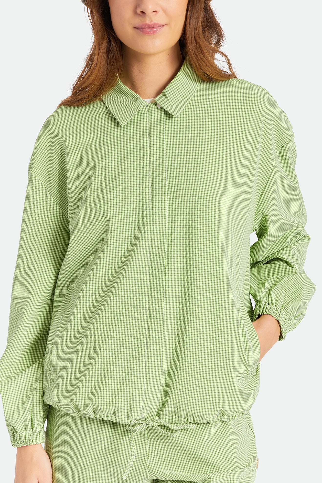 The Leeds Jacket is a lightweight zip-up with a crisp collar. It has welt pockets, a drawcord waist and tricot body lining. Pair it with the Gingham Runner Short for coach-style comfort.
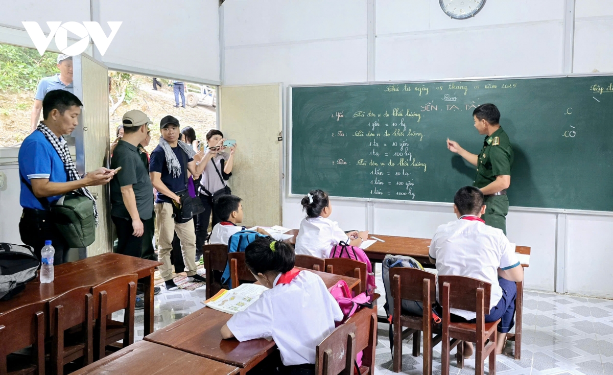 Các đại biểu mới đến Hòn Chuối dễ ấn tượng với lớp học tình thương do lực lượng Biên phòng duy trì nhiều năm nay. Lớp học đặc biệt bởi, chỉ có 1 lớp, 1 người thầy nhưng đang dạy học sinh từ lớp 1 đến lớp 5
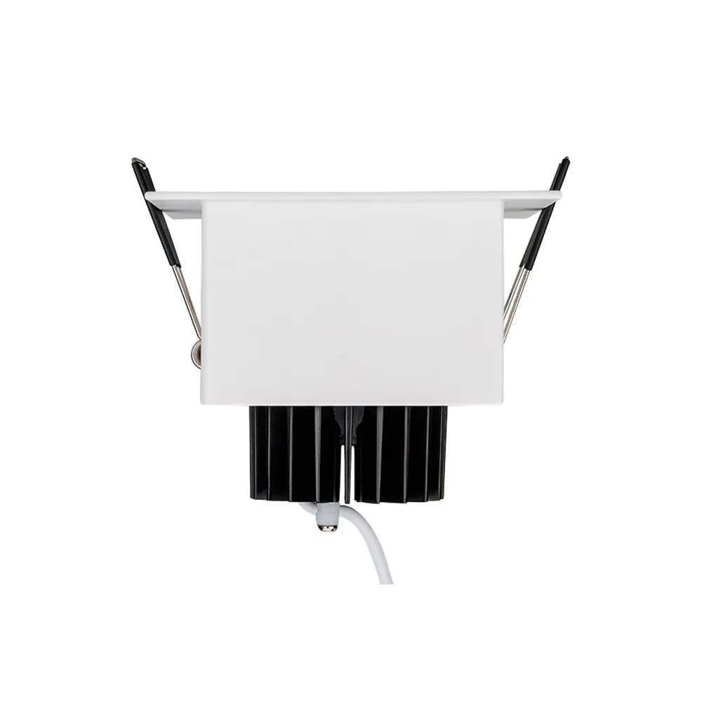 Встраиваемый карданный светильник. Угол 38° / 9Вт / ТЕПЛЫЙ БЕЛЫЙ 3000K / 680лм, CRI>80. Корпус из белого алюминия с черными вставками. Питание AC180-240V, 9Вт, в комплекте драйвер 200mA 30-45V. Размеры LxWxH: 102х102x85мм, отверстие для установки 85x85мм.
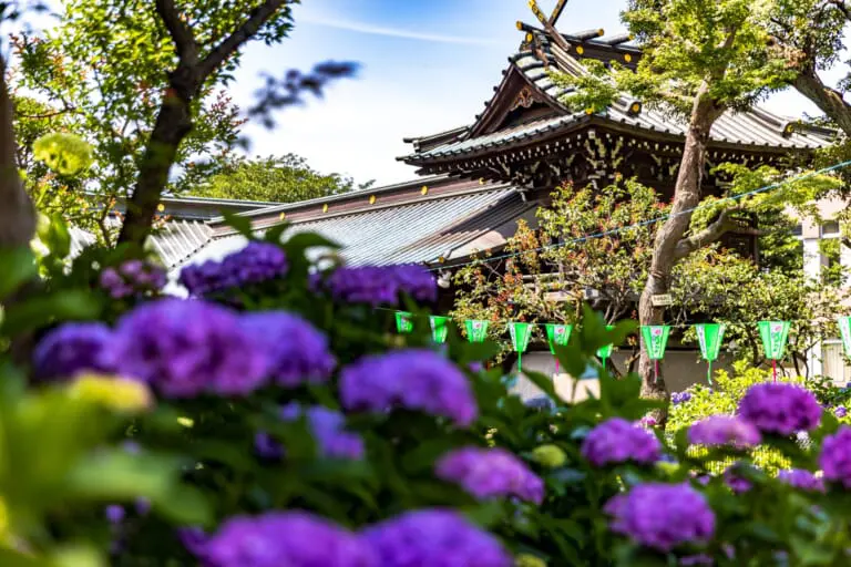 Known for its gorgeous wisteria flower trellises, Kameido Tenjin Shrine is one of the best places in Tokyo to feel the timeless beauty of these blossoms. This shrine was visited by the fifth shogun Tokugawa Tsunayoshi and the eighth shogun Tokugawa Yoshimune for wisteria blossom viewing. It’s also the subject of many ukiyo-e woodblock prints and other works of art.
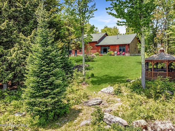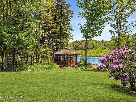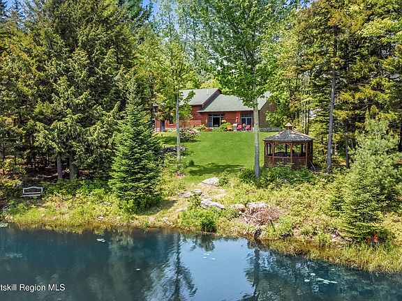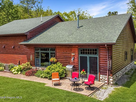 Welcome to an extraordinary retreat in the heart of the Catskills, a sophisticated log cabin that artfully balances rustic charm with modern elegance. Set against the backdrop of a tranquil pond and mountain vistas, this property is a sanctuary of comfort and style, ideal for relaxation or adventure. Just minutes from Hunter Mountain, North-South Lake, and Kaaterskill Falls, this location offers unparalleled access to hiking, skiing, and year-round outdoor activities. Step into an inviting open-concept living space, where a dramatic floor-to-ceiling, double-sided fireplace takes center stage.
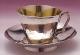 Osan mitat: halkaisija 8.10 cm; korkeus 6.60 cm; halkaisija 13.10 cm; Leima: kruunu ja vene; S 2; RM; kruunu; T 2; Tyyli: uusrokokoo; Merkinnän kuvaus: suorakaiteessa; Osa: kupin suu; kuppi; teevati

▬▬▬▬▬▬

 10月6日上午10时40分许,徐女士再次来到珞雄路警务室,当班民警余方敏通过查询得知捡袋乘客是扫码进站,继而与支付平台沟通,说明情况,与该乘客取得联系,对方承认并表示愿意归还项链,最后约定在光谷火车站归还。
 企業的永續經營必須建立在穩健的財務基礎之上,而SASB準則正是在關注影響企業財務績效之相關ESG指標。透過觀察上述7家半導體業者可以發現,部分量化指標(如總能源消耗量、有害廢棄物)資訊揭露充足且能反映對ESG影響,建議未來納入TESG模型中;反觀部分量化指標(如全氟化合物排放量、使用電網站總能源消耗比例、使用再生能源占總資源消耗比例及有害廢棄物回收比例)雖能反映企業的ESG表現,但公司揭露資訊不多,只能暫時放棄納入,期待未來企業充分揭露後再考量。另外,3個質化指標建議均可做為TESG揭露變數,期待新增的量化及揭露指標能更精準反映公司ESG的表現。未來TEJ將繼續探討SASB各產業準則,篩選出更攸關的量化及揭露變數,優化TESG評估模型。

▬▬▬▬▬▬

> _Task to complete_
Above are the entries. Copy exactly the part that opens with the line containing "10月6日上午10时40分许" and closes with the line containing "企業的永續經營必須建立在穩健", and no more.

> _Final answer_
 10月6日上午10时40分许,徐女士再次来到珞雄路警务室,当班民警余方敏通过查询得知捡袋乘客是扫码进站,继而与支付平台沟通,说明情况,与该乘客取得联系,对方承认并表示愿意归还项链,最后约定在光谷火车站归还。
 企業的永續經營必須建立在穩健的財務基礎之上,而SASB準則正是在關注影響企業財務績效之相關ESG指標。透過觀察上述7家半導體業者可以發現,部分量化指標(如總能源消耗量、有害廢棄物)資訊揭露充足且能反映對ESG影響,建議未來納入TESG模型中;反觀部分量化指標(如全氟化合物排放量、使用電網站總能源消耗比例、使用再生能源占總資源消耗比例及有害廢棄物回收比例)雖能反映企業的ESG表現,但公司揭露資訊不多,只能暫時放棄納入,期待未來企業充分揭露後再考量。另外,3個質化指標建議均可做為TESG揭露變數,期待新增的量化及揭露指標能更精準反映公司ESG的表現。未來TEJ將繼續探討SASB各產業準則,篩選出更攸關的量化及揭露變數,優化TESG評估模型。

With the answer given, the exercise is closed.